Citrix reports that this vulnerability is fixed in Command Center 5.2 build 42.7, which can be downloaded from the following location (login required).
https://www.citrix.com/downloads/command-center/product-software/command-center-52-427.html
 
Citrix assigned BUG0493933 to this issue.
 
Introduction
 
 
Citrix Command Center is a management and monitoring solution for Citrix application networking products.
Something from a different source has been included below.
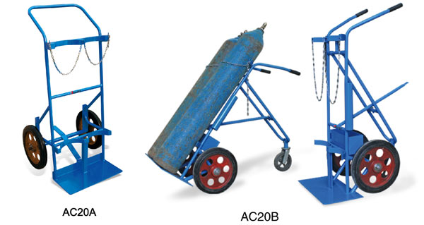 ● 支撐轉(zhuǎn)向輪易于運(yùn)輸 ● 裝載氣瓶的支架由安全鏈條保證 ● 適用于雙氣瓶 ● 堅固的帶滾柱軸承橡膠輪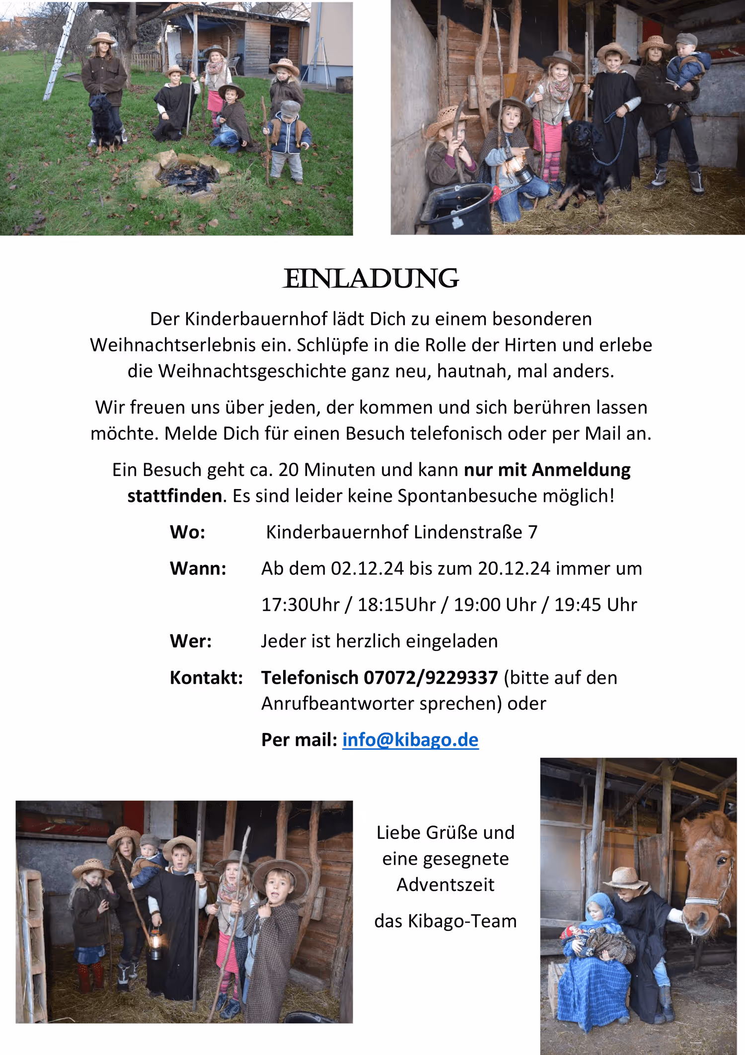 Wie die letzten Jahre möchten wir auch dieses Jahr wieder zu unserem besonderen Weihnachtserlebnis auf den Kinderbauernhof einladen.Schlüpfe in die Rolle der Hirten und erlebe die Weihnachtsgeschichte ganz neu, hautnah, mal anders.Wir freuen uns über jeden, der kommen und sich berühren lassen möchte.

Command Center enables network administrators and operations teams to manage, monitor, and troubleshoot the entire global application delivery infrastructure from a single, unified console.
 
Citrix Command Center stores configuration files containing credentials of managed devices within a folder accessible through the web server. No access control is enforced on this folder, an unauthenticated attacker can download any configuration file stored in this folder.
 
Details
 
 
Configuration files can be downloaded from the conf web folder. Below is an example of a configuration file that can be obtained this way.
 
https://<target>:8443/conf/securitydbData.xml
 
This files contains encoded passwords, for example:
 
<DATA ownername="NULL" password="C70A0eE9os9T2z" username="root"/>
 
 
These passwords can be decoded trivially. The algorithm used can be found in the JAR file NmsServerClasses.jar. For example the encoded password C70A0eE9os9T2z decodes to SECURIFY123. The credentials stored in these files can than be used to gain privileged access to devices managed by Command Center.